Stars go kaboom, spilling cosmic secrets
Astronomers hope type 1a supernovas will help in quest to explain dark energy
By Ron Cowen
At least once a second, a dim, elderly star somewhere in the cosmos turns into a thermonuclear bomb. Briefly outshining its home galaxy, the explosion, known as a type 1a supernova, unleashes the equivalent of 1028 megatons of TNT — enough energy to destroy an entire solar system.
Astronomers have marveled at these cosmic firecrackers for centuries. But so far nobody has explained in detail how these supernovas explode. Now, theorists are on the verge of attaining that understanding — and just in time, because astronomers are observing type 1a supernovas with a new urgency. In fact, the story these stars have to tell is a matter of cosmic life and death.

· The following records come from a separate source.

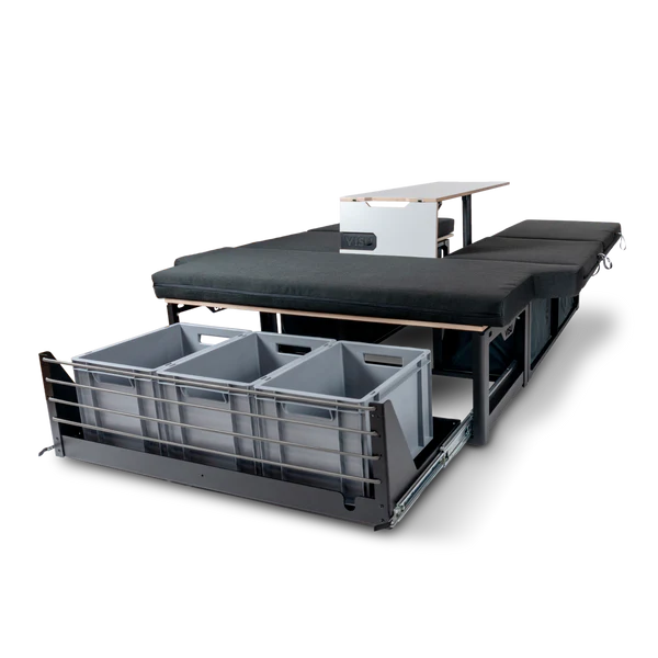 Visu Sitka 3 Plus er en mobil og flyttbar sove- og campingmodul utviklet for mellomstore varebiler. Modulen byr på rikelig med oppbevaringsplass (med lys), enten i praktiske bagger som er lett tilgjengelige fra innsiden av bilen, eller i en uttrekkbar bakskuff.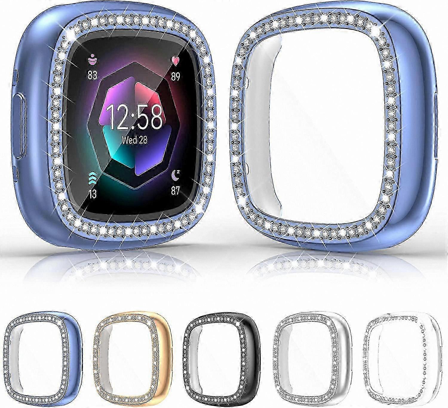 5-Pack Soft TPU Bumper Case with Glitter Diamonds for Versa 4 & Sense 2 Fitness Trackers Protector Cover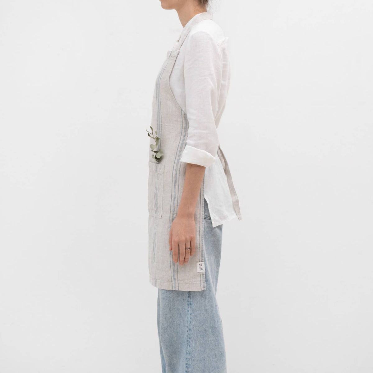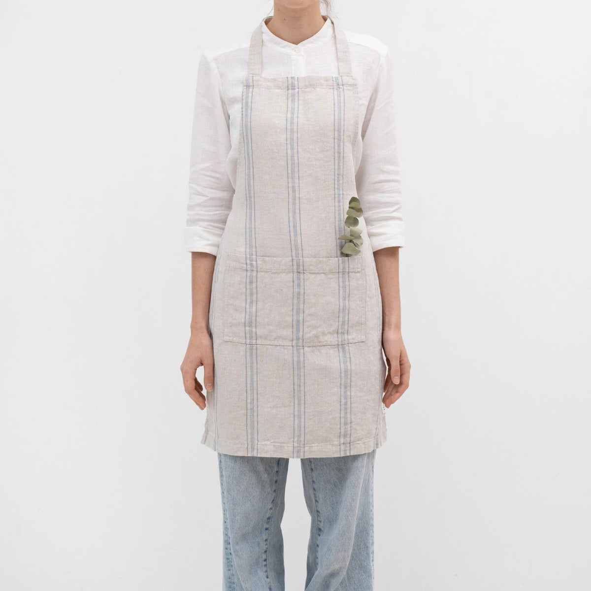 Grey Blue Wide Stripe Rustic Linen Daily Apron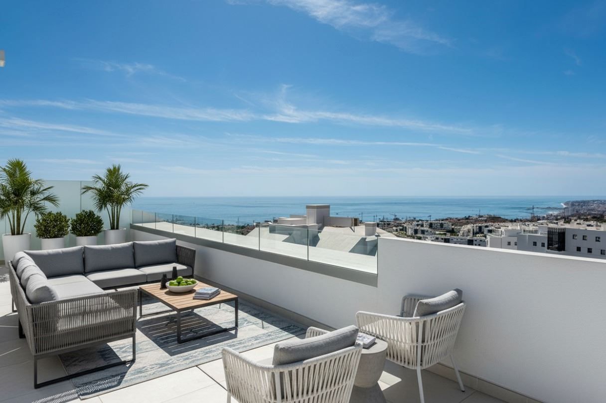 Located in a newly developed complex, this stunning penthouse offers uninterrupted sea views from every room and direct access to a southwest-facing terrace of more than 60 sqm. From here, enjoy sweeping vistas of the coastline, Benalmádena, Fuengirola, the surrounding mountains. Arguably the best view on the Costa del Sol.
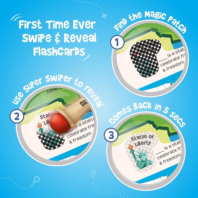 • EXPERIENCE THE ULTIMATE USA STATES DISCOVERY - Learn about the States of the USA, their Capitals, and intriguing Fun Facts, while immersing in interactive quizzes, revealing hidden facts with SWIPE & REVEAL, and uncovering magic patch surprises with this USA map puzzle and flash cards for an unforgettable journey into American history, geography, and culture, ultimately mastering 750 plus facts along the way.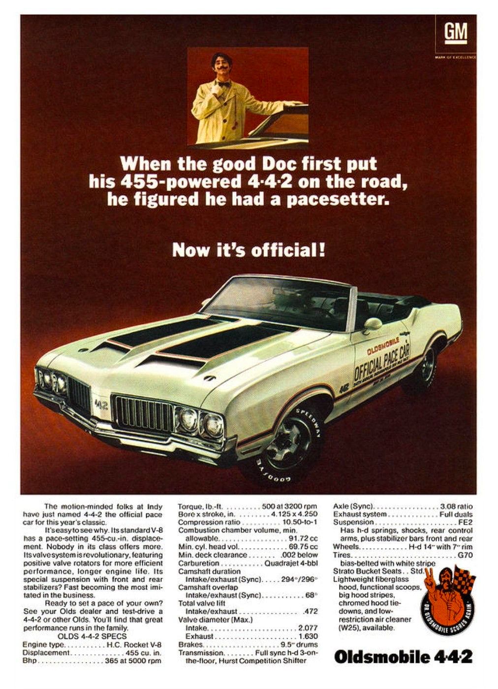 - In 1970, GM’s ban on engines over 400 cubic inches was lifted, allowing Oldsmobile to introduce the 455 cubic inch V8 in the 442. The W-30 version was officially rated at 370 bhp and 500 lb ft of torque, with real figures closer to 400 bhp. These cars featured fiberglass hoods, functional scoops, and could run quarter miles in the low-14s.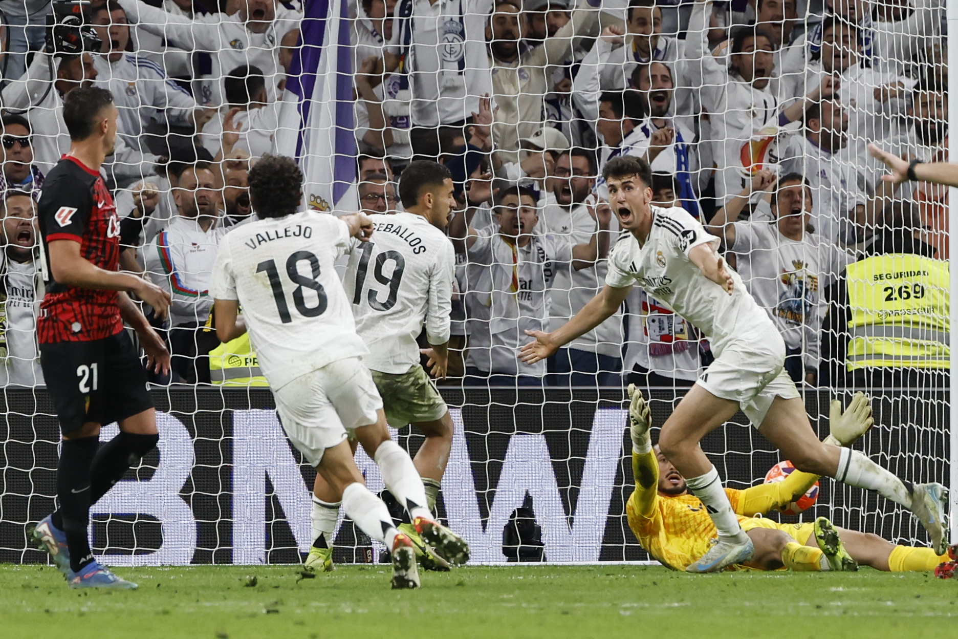 Real Madrid, 2: Courtois; Fede Valverde, Asencio (Jesús Vallejo, m.64), Jacobo Ramón, Fran García; Modric, Ceballos, Arda Güler, Bellingham; Endrick (Gonzalo García, m.74) y Mbappé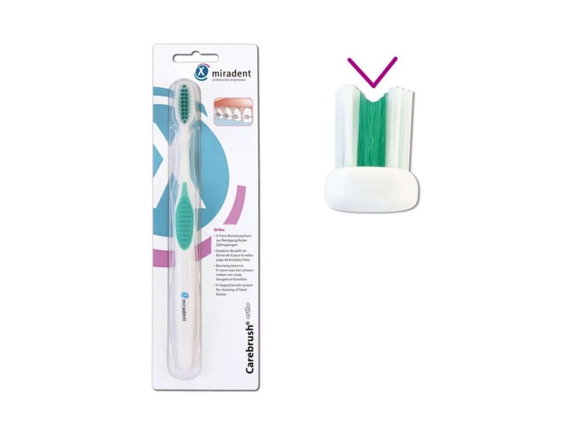 Профессиональная зубная щетка Carebrush Ortho (немецкая компания Miradent) разработана для ухода за зубами, а также за установленными на них ортодонтическими конструкциями. Изделие имеет мягкую (Soft) полиэстеровую щетину, расположенную на компактной головке в форме английской буквы V. Такой дизайн позволяет мягко и эффективно очищать дуги брекетов, замочки, зубные поверхности без риска их повреждения.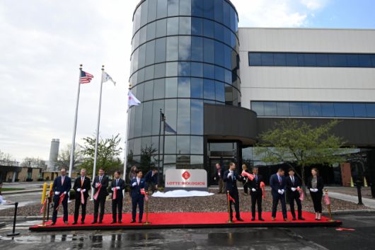 미국 뉴욕주 시러큐스 공장에서 진행된 행사에는 현지 임직원 약 500여명을 비롯해 이원직 롯데바이오로직스 대표, 마이클 하우슬레이던 미국 법인장 등 내부 경영진과 이훈기 롯데지주(004990) 경영혁신실장, 라이언 믹맥 오논다가 카운티장, 벤 월시 시러큐스 시장, 켄트 시버루드 시러큐스 대학교 총장 및 파트너사 등 약 70여명이 참석했다.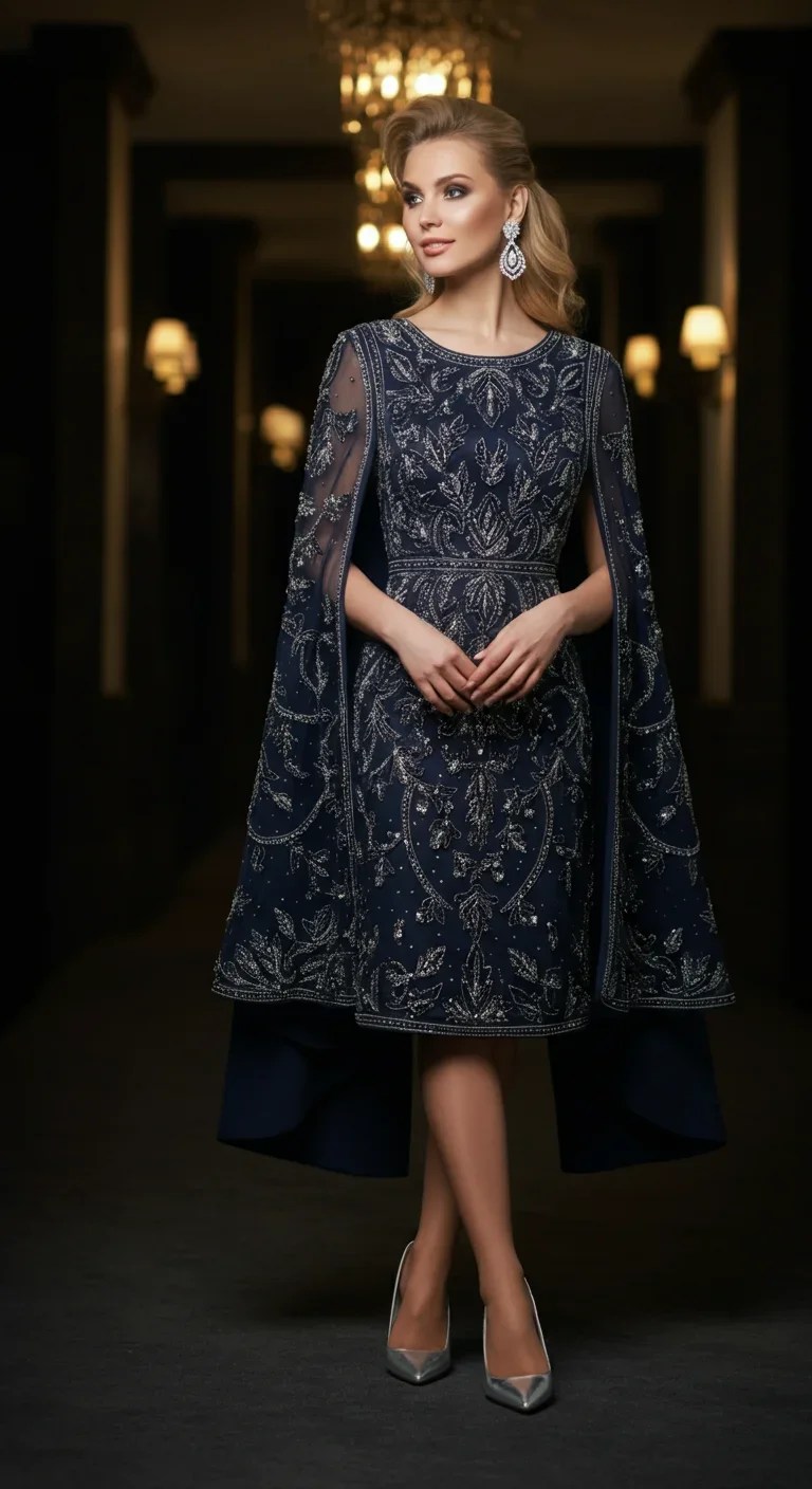 Buy on AmazonA timeless navy cape dress offers both sophistication and a touch of contemporary flair.

When astronomer Robert Kirshner, now at Harvard University, first began observing these cataclysmic explosions in 1972, it didn’t matter that no one understood how they happen. A lack of knowledge about the explosion process didn’t stop Kirshner and his colleagues, along with another team, from using type 1a supernovas to discover in 1998 that a mysterious entity, later dubbed dark energy, is accelerating the expansion of the universe (SN: 2/2/08, p. 74). But today, ignorance about type 1a supernovas is no longer bliss, say Kirshner and other astronomers. Researchers now are not only relying on supernovas as distance markers to deduce the presence of dark energy, but also to unveil its character.
One of the deepest mysteries in all of physics and astronomy, the nature of dark energy determines the fate of the universe. If its density across the universe increases over time, the cosmos will end in a Big Rip, with every atom torn asunder. If it somehow vanishes, cosmic expansion will continue but at a slower rate. And if its strength remains fixed in time, akin to the cosmological constant that Einstein inserted into his equations of general relativity, every galaxy will someday become its own island universe.
To determine whether dark energy varies or remains the same throughout time, astronomers need to measure its equation of state, defined as the ratio of its density to its pressure. And to measure the equation of state at different epochs in the universe, researchers urgently need more detailed information on type 1a supernovas, says Don Lamb of the University of Chicago.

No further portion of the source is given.